Die Arbeit analysiert die Vorgeschichte, den Verlauf und die Ergebnisse des EU-Gipfels von Nizza im Jahr 2000 sowie dessen Auswirkungen auf das deutsch-französische Verhältnis.

Welche zentralen Themenfelder werden bearbeitet?

Im Zentrum stehen die Stimmengewichtung im Ministerrat, die Handlungsfähigkeit der EU bei steigender Mitgliederzahl, das Vetorecht und die diplomatischen Spannungen zwischen den Staatschefs.

Was ist das primäre Ziel der Untersuchung?

Das Ziel ist die Erforschung der Konfliktpunkte, die zur medienkritischen Wahrnehmung des Gipfels führten, und die Einordnung des Vertrages als notwendiger Schritt zur EU-Erweiterung.
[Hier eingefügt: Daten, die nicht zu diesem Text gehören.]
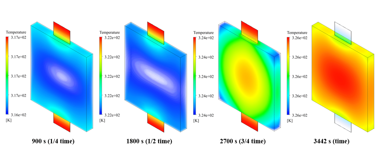 In case 2, we investigate a battery with PCM. According to the results, battery temperature increases at a slow rate. In other words, the PCM absorbs the heat generated in the battery cell, which leads to control temperature rise.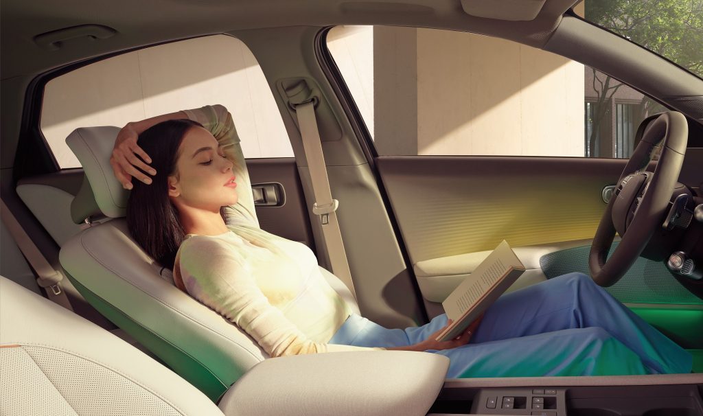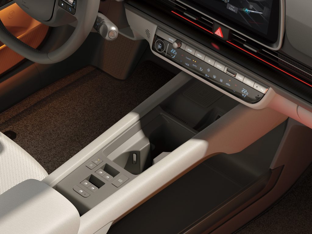 The IONIQ 6 has a winglet-shaped dashboard and a bridge-shaped center console for a more comfortable and versatile in-car experience. Since it is built on the brand’s dedicated E-GMP (Electric-Global Modular Platform), it was designed not just on safety but also for space efficiency. The floor structure was made flat so the interior can be maximized especially on the second-row seats. It also features specialized storages such as the sliding glove box, wide pocket rooms at the button-less slim doors and an open-style tray in between the front seats.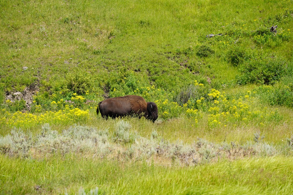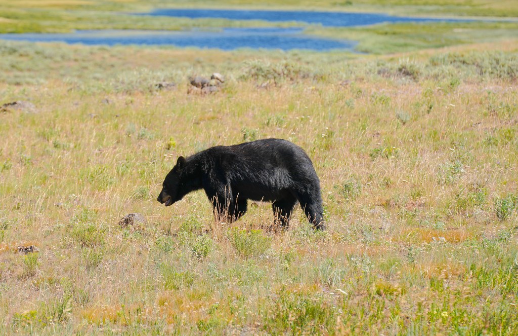 Once you’re done here, you can either head south towards Grand Prismatic, Old Faithful, and other geothermal hot springs or east towards Lamar Valley. If you want to view wildlife, including wolves, bears, and bison, Lamar Valley is where you want to be. We saw wolves from a distance and several bears, pronghorn deer, elk, coyote, red fox, and other native animals. If you leave your car to take a picture of a bear or wolf, you should maintain 100 yards of distance and 25 yards of distance from animals such as bison or elk. The photos below were taken using a 200 mm zoom lens with more than 100 yards of distance between me and the bear and more than 50 yards between me and the bison. Bison may seem docile and gentle, but if you get near them, they may charge you and can potentially kill you.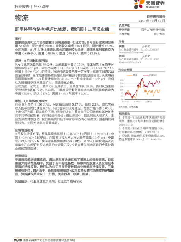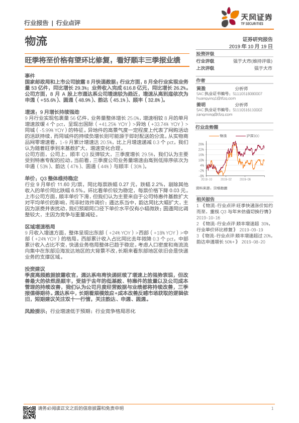 【天风证券】【20191019】旺季将至价格有望环比修复,看好顺丰三季报业绩-7页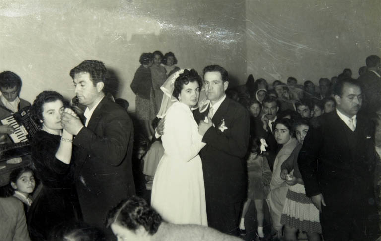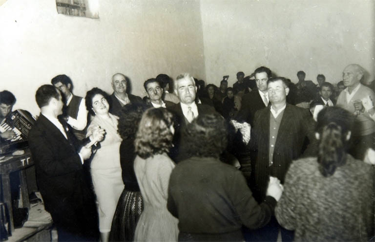 Τον στεφάνωσα εγώ. Δεν θυμάμαι τώρα ποια χρονιά. Εγώ παντρεύτηκα το ’58 […] λεύτερος τον στεφάνωσα! Ε, να τώρα το ’57, το ’58 […]. Στο Πλατύ έγινε ο γάμος. Μεσ’ στην πλατεία έγινε ο γάμος. Δεν παίξαμε. Χορεύαμε εμείς.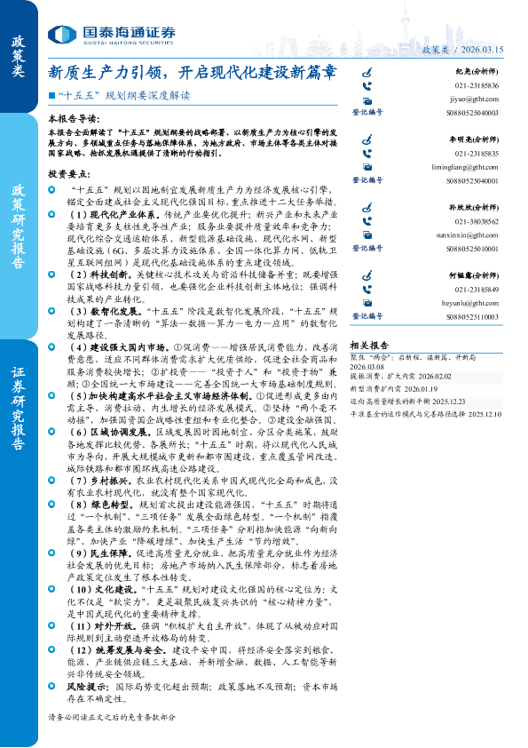 【国泰海通证券研究所】【202603】“十五五”规划纲要深度解读:新质生产力引领,开启现代化建设新篇章-43页

Welche wissenschaftliche Methode wird verwendet?

Die Arbeit basiert auf einer historischen Analyse unter Einbeziehung von Sekundärliteratur, Presseberichten der damaligen Zeit und offiziellen Dokumenten der Europäischen Union.

Welche Aspekte stehen im Hauptteil im Fokus?

Der Hauptteil behandelt die historische Entwicklung der EU-Integration, die spezifischen Verhandlungsblockaden in Nizza und die unterschiedlichen Positionen der europäischen Staaten.

Was sind die charakteristischen Schlüsselbegriffe der Arbeit?

Wichtige Begriffe sind unter anderem die "Erbfeindschaft", das "deutsch-französische Tandem", der "Amsterdamer-left-overs"-Prozess und das "Demokratiedefizit" der EU.

Warum wird der Gipfel von Nizza als historisch eingestuft?

Der Gipfel gilt aufgrund seiner Dauer von 91 Stunden als der längste in der Geschichte der EU zu diesem Zeitpunkt und markierte einen Tiefpunkt in der deutsch-französischen Kooperation.

Welche Rolle spielte der französische Präsident Jacques Chirac?

Chirac agierte als Gastgeber und Ratspräsident, dessen Verhandlungsführung jedoch wegen nationaler Egoismen und des Beharrens auf einer Parität zu Deutschland auf breite Kritik stieß.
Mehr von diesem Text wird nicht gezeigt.